# Fast Wheels opinion



## brian v (Dec 25, 2011)

Yeah I looked at those But those won't fit on me Mustang !

The 1 in the middle !


----------



## trevor_geiger (Nov 29, 2012)

Middle has my vote.


----------



## iKermit (Dec 13, 2010)

trevor_geiger said:


> Middle has my vote.


I second that motion


----------



## Terryk2003 (Sep 22, 2014)

I'm diggin the middle ones also!


----------



## Blue_RS (Aug 30, 2013)

I love the rennens! Im going with them in silver for my black cruze.


----------



## neile300c (Jul 8, 2014)

I like the wheels on the left


----------



## sparkman (Oct 15, 2015)

Middle!


----------



## Kingsal (Sep 21, 2012)

I have had the middle ones for 3 years now.
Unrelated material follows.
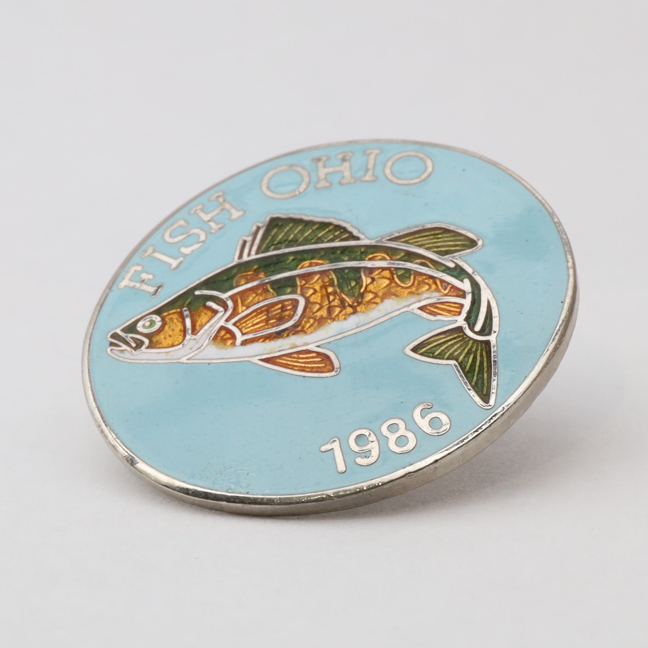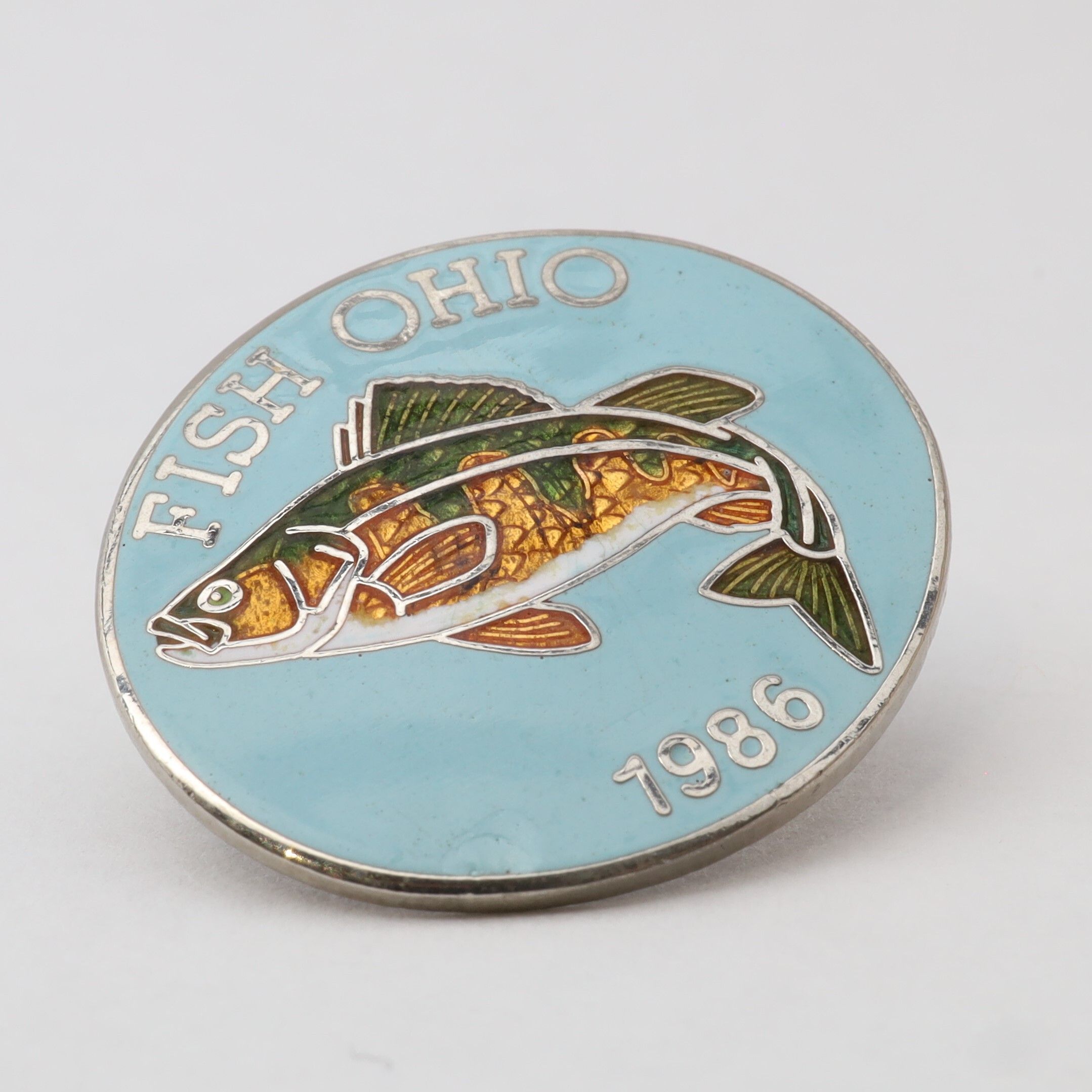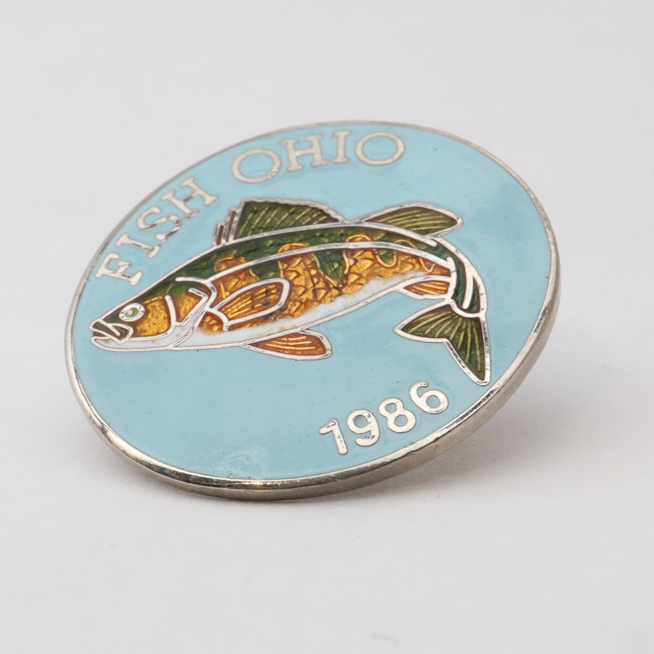 Prototype of the 1986 Fish Ohio pin featuring yellow perch.Context

Love them


----------



## NYCruze2012 (Jan 16, 2012)

Definitely middle!


----------



## CDNCRUZIN (Nov 24, 2015)

Middle one.. definitely.. I've got the same Cruze but in blue and am going with these in the spring.. Just have to source out the best pricing as I'm going with 18"s


----------



## Cruzncannada (Nov 21, 2015)

Thanks, Still not sure but definitely got me thinking middle, that and an Kia optima driver I work with is getting them, just not sure about matching wheels...


----------



## whitecruzersturbo (Feb 26, 2015)

Cruzncannada said:


> Hi there,
> Have a 15' 1LT silver Cruze and am putting aft. Mrkt fast wheels (work at a dealer best prices) wanted some opinions.
> 
> All are 17' as my cars a lease and when it goes back there going on my gfs 14' Cruze.
> ...


I've had both sets in 5x105, my cars were the guinea pigs for fitment, My Sonic had the Hayaku's in Orange 17x7 et42 (winter) Gunmetal in custom size 17x8 et35 summer, Also had the first set of black Rennens also custom sized 17x8.5 et35, Now on my Cruze I have 18x9 et30's made this past summer..I've had over 15 sets of Fast wheels and no compliants. I'm 20 mins from the warehouse so it makes it a lot easier to try different options. I'm selling my 18" Rennens if your interested, they were used 3 months and have 235/40/18 rubber on them also 3 months old, they are Hyper Silver and with the 9" et30 they are concave


----------